Investigator Non-Compliance with IRB Approved Human Subjects Research

June 2003

The JHM IRBs are responsible for reviewing applications for human subject research and approving those studies that both meet the criteria set forth in the federal regulations and satisfy institutional standards.  The approval is limited to the specific protocol procedures, materials, forms, and processes  set forth in the application.  IRB approval notices detail any special conditions that accompany approval and provide a time limit for conduct of the study before the next IRB review.  The IRB expects each principal investigator and the study team to comply with all ethical standards, institutional policies, governmental regulations and IRB conditions placed on the conduct of the trial.

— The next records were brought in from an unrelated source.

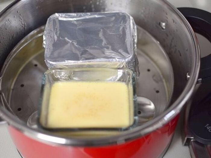 私は耐熱容器を使用しましたが、流し缶がある方は流し缶を使用してください。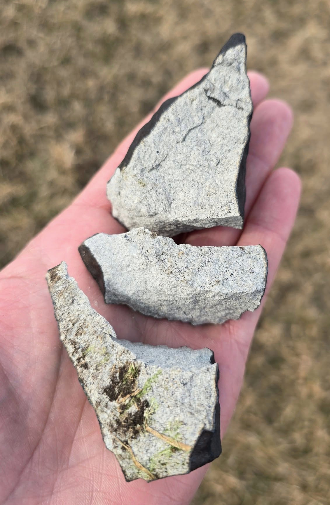 Three fragments of one mass (46.24 g) found on 3 March 2025, ~43g Andrzej Owczarzak (left), ~3g Filip Nikodem (right). Photos: Filip Nikodem, Andrzej Owczarzak
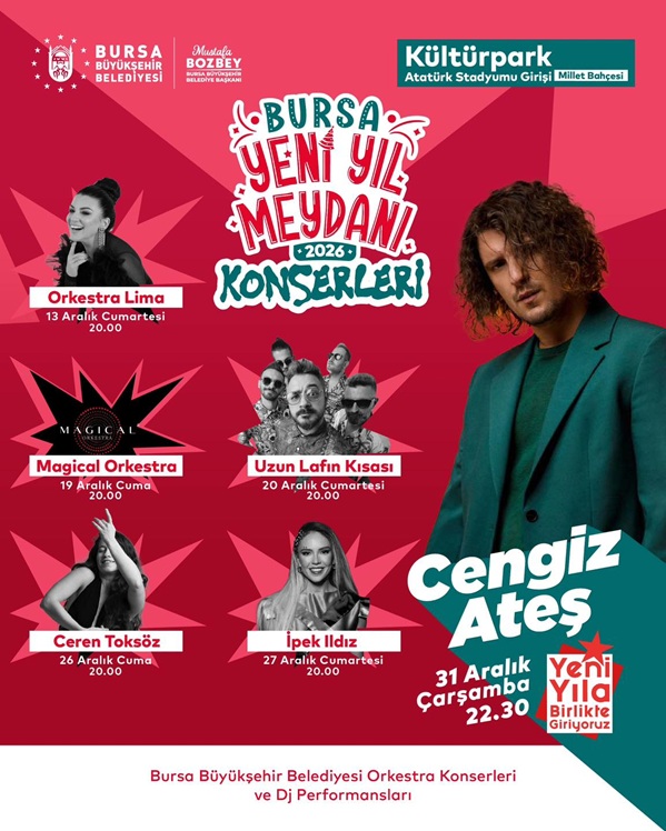 Vatandaşların huzur ve güven içerisinde 2026’yı karşılayabilmeleri için Bursa Kültür AŞ ve ilgili birimleriyle hazırlıklarını sürdüren Bursa Büyükşehir Belediyesi, yeni yılın büyük bir coşkuyla karşılanması için Eski Atatürk Stadyumu alanında ‘Bursa Yeni Yıl Meydanı’nı oluşturdu.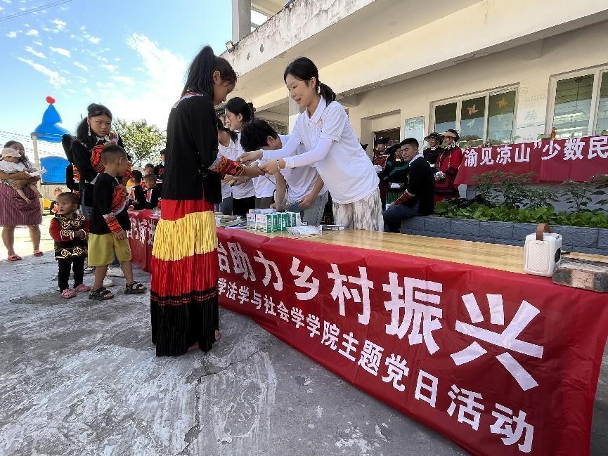 为深入学习贯彻党的二十大精神,以法治之力促进民族团结进步工作,全面推进主题教育不断取得新成效,法学与社会学学院党委组建“渝见凉山”少数民族地区普法宣传团,于7月22日深入四川省凉山彝族自治州雷波县西宁镇光辉村开展普法主题党日活动。宣传团由教工一支部党员白玉、向往,研究生一支部宣传委员何祖润指导,学生一支部7名法学专业本科生党员构成。

Non-compliance that occurs in the context of IRB approved research requires corrective action.  The IRB will determine the actions required and will take into consideration the nature, severity, and frequency of the non-compliance and the risk that non-compliance poses to human subjects. The JHM IRBs and Institutional officials may consider a range of options to address documented cases of  non-compliance.

When the IRBs determine, or an IRB determines, that protocol specific corrective actions must be implemented, the investigator will be informed in writing and Institutional officials will be informed.

The investigator will be instructed to acknowledge and implement the  corrective action.  The research may or may not be allowed to continue, depending on the specific circumstances of the non-compliance.  Research that the IRB determines may continue will do so only under the terms of the corrective action plan.

Severe and/or continuing significant non-compliance will be reported promptly to Institutional officials.  The IRB may terminate or suspend approved studies in cases of severe non-compliance that affects the rights and welfare of human participants.

Institutional officials will determine whether and when to notify the funding source(s), OHRP, and FDA.  Institutional officials also will determine whether the report rises to the level of professional misconduct.  The Office of Policy Coordination will review any cases forwarded by Institutional officials for inquiry into allegations of professional misconduct.